<<<<

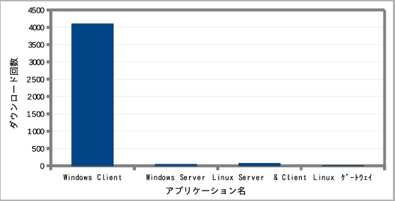 ところで、両ソフトウェアは、一つのアプリケーションでは無く、OSや用途により複 数のアプリケーションで構成されています。 そこで、その種類によるダウンロード回数の状況を示します。
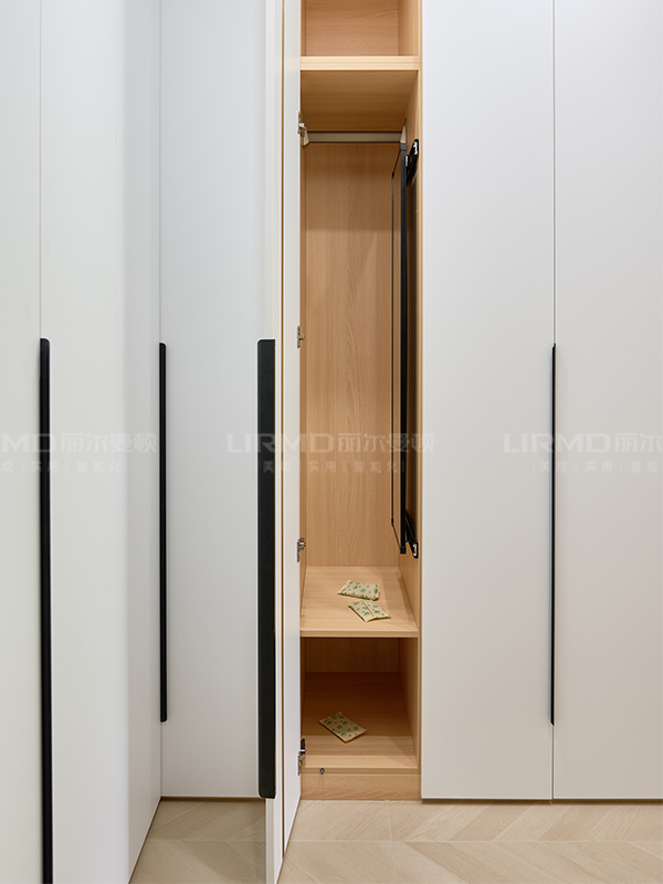 柜門做的是長(zhǎng)拉手設(shè)計(jì),這樣的設(shè)計(jì)既凸顯了衣柜的整體美感,又方便了你的日常使用,時(shí)尚與便捷盡在掌握。
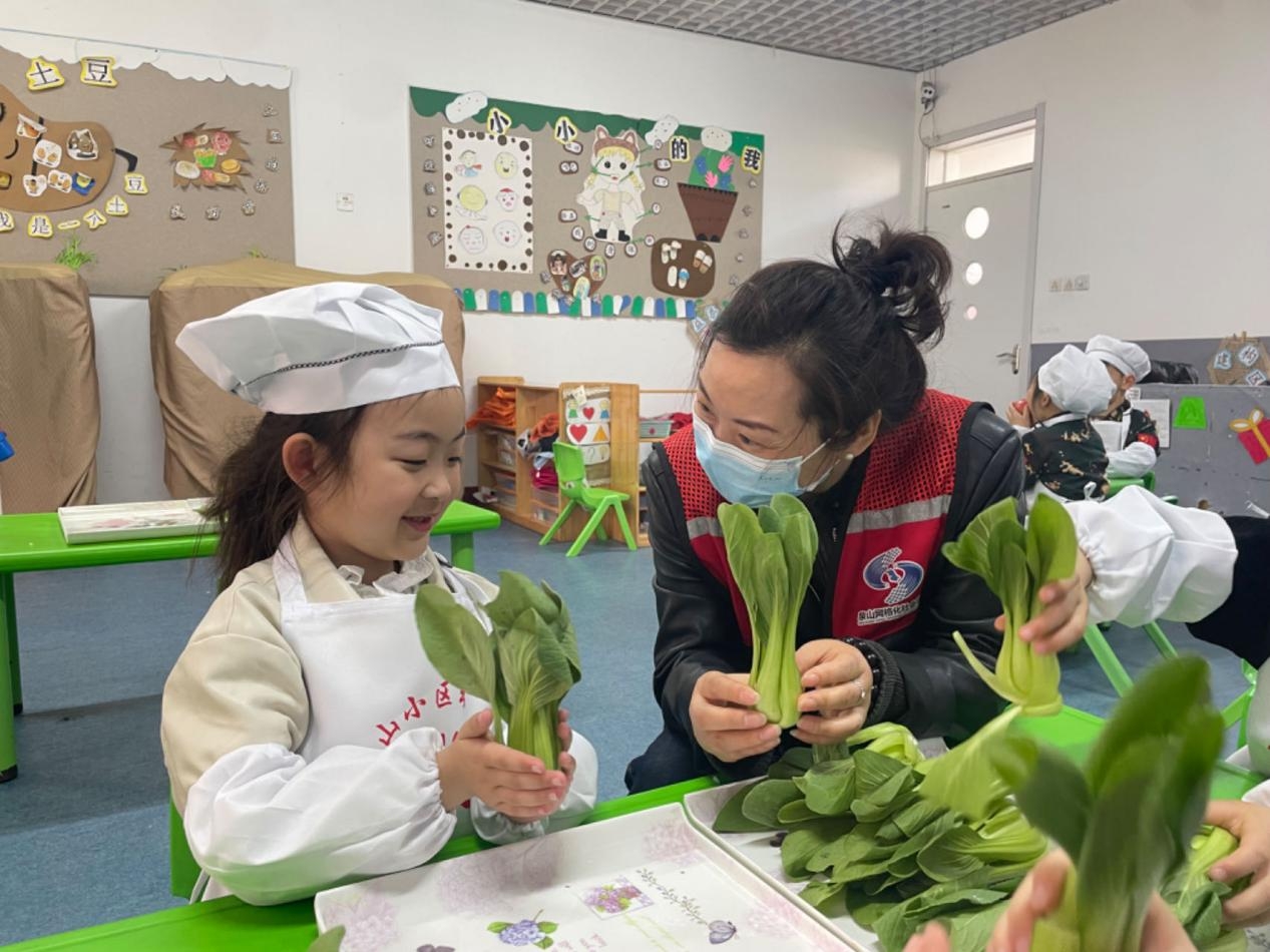 在老師和社區工作人員的幫助下,孩子們圍上小圍裙,擼起小袖子,化身勞動小達人,他們干勁十足,仔細觀察,大膽動手,互相幫助,在手眼配合和同伴互助下,蔬菜很快便被處理好了?;顒咏Y束后,小朋友們紛紛表示回到家也要幫助家人擇菜、分擔家務,成為爸爸媽媽的得力小幫手。

>>>>

Exercise requirements: Every line above should be printed again word for word, without its pictures.

Problem solution:
 ところで、両ソフトウェアは、一つのアプリケーションでは無く、OSや用途により複 数のアプリケーションで構成されています。 そこで、その種類によるダウンロード回数の状況を示します。
 柜門做的是長(zhǎng)拉手設(shè)計(jì),這樣的設(shè)計(jì)既凸顯了衣柜的整體美感,又方便了你的日常使用,時(shí)尚與便捷盡在掌握。
 在老師和社區工作人員的幫助下,孩子們圍上小圍裙,擼起小袖子,化身勞動小達人,他們干勁十足,仔細觀察,大膽動手,互相幫助,在手眼配合和同伴互助下,蔬菜很快便被處理好了?;顒咏Y束后,小朋友們紛紛表示回到家也要幫助家人擇菜、分擔家務,成為爸爸媽媽的得力小幫手。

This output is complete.